Liquid waste such as urine or vomit should be disinfected by pouring 0.5% chlorine solution and safely flushed into the sewer system if there is an adequate sewage system in place. Where there is no adequate sewage system, urine and vomit should be decontaminated 0.5% chlorine solution or bleach prior to being flushed into a soak away pit.

Temporary pit latrines are acceptable and preferred if space and geology allow for site containment. Temporary pit latrines can fill up quickly so it is important to ensure you have enough space and resources to construct and decommission temporary latrines (dose the excreta with lime to increase pH to around 12, cover with soil and compact). It is important to mark decommissioned sites with durable signs. Pour flush latrines connected to stabilization ponds should be considered if construction of temporary pit latrines are not an option and if space and geology allow. It is recommended to construct separate latrines for workers, confirmed cases and suspected cases based on the ratio of one latrine drop hole for each category of persons.
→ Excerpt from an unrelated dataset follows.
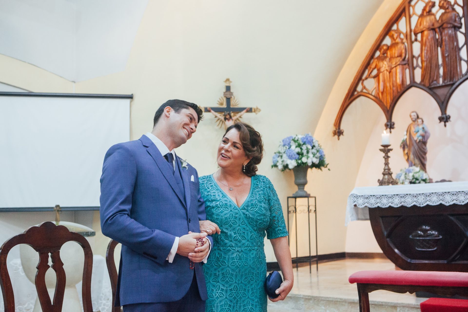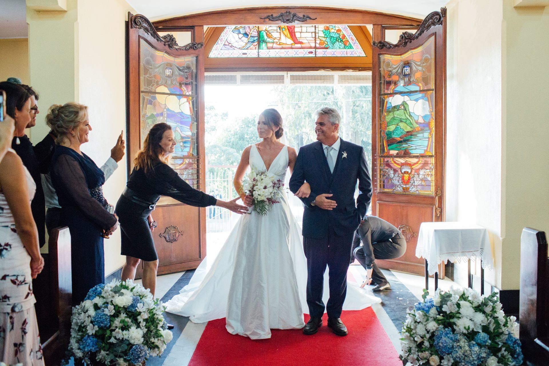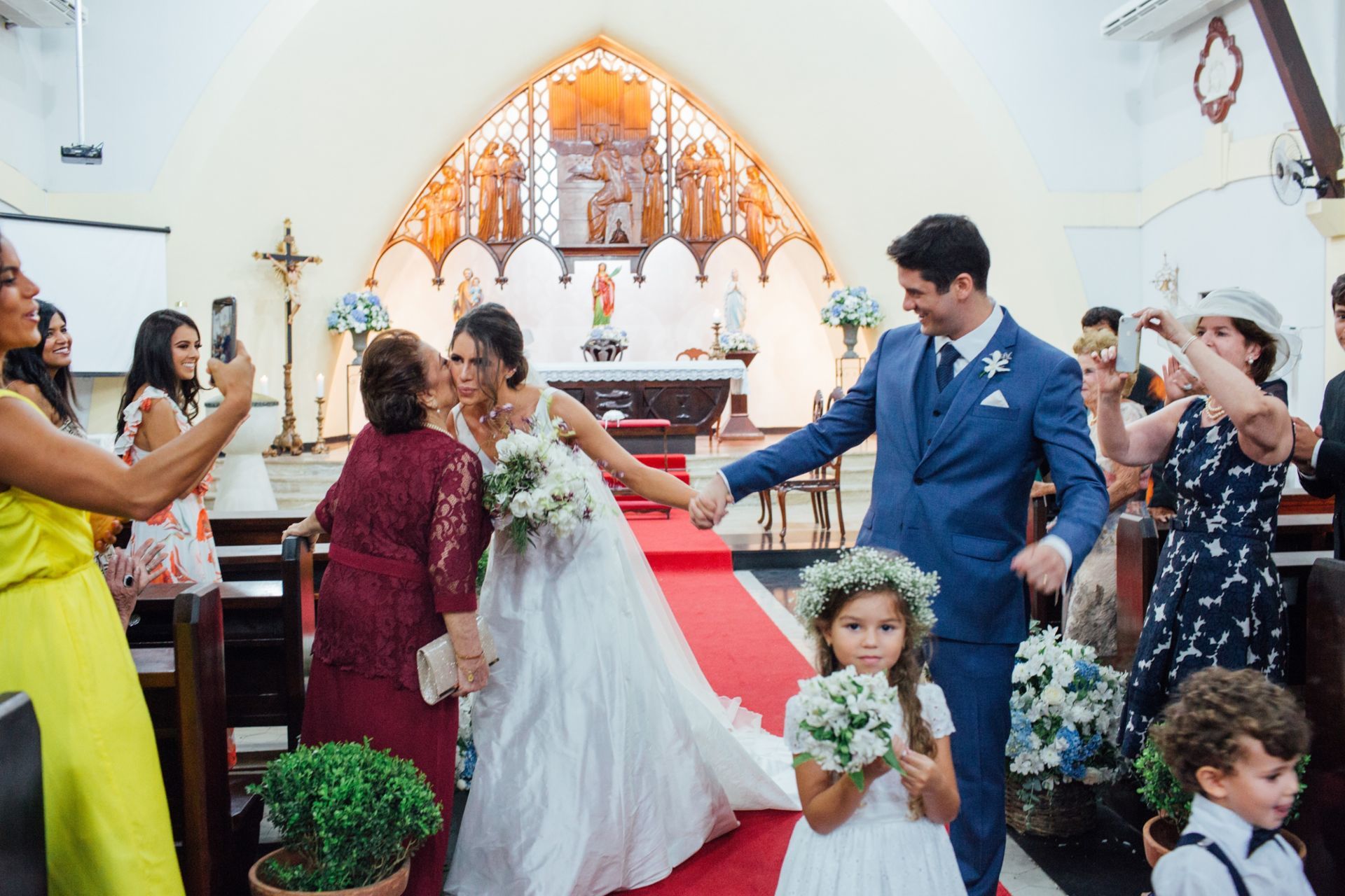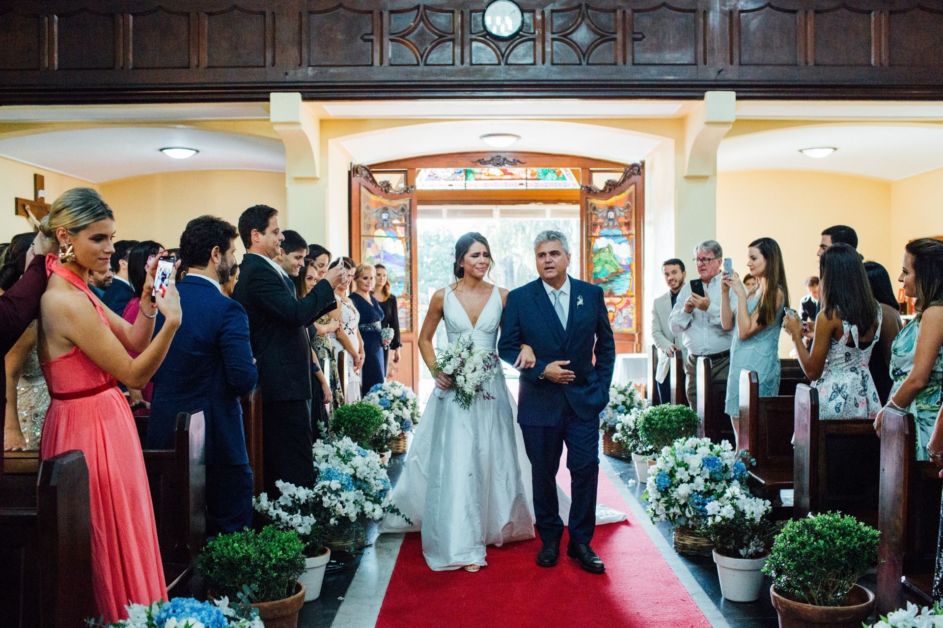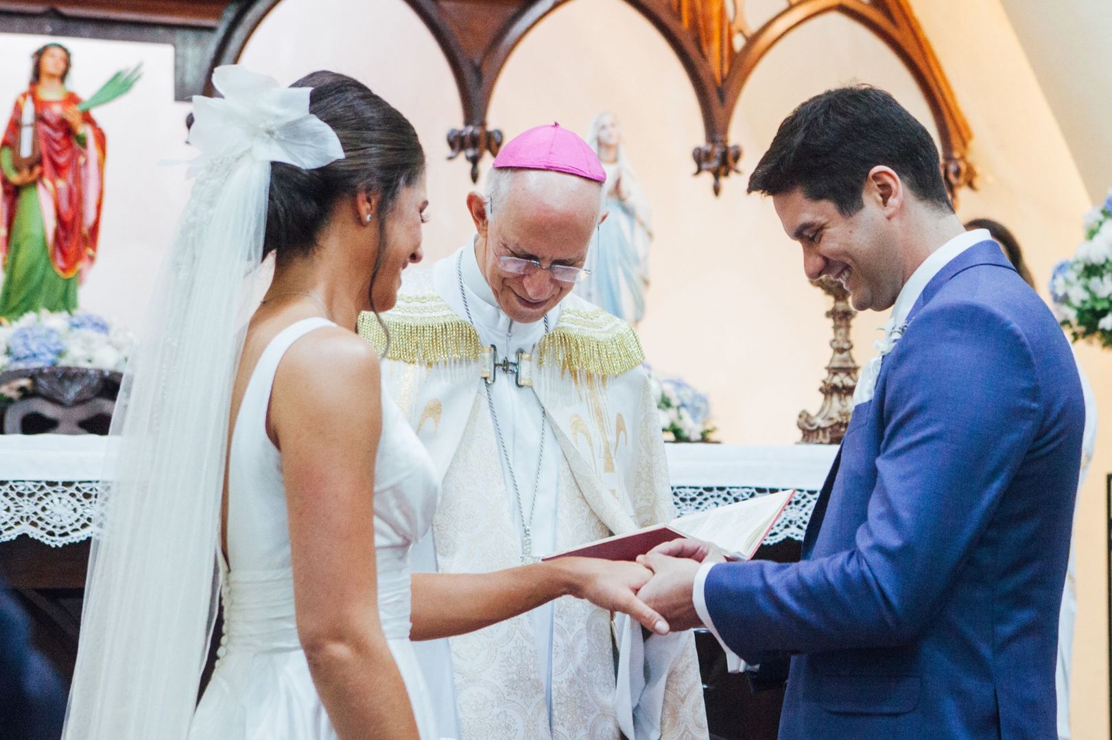 Ela escolheu casar na Igreja que a Mae e a avo dela se casaram, usou uma mantilha da família dele de muitos anos, teve a celebração feita por um bispo e a festa foi super especial com uma decoração inacreditável de linda e uma pista animada desde o inicio ate o fim!

In order to minimise the volume of liquid undergoing treatment, separate grey water from black water and dose the grey water with additional 0.5% chlorine solution before discharge into a soak away pit. Should space and geology allow, construct a simple wastewater treatment unit/stabilization pond (with at least 1 hour retention time) with large volume sludge tanks with about two month capacity to maximise value. If possible, it is recommended to de-commission full sludge tanks on site and construct new ones to avoid high cost incineration of the sludge. If on site de-commissioning is not possible, ensure sludge has a high pH to accelerate the destruction of the virus before considering off site transportation/digestion/treatment. Common methods and agents for disinfection include sodium hypochlorite (NaOCl), chlorine dioxide (ClO2), ozone (O3) and ultraviolet (UV) light .

When designing wastewater management units in Ebola Care Centres/Units, it is important to consider alternative off-site disposal and treatment, distance to Centre/Unit, type of geology and topography, distance to water source, viral load, availability and suitability of site and numbers of patient, staff and waste management technicians required.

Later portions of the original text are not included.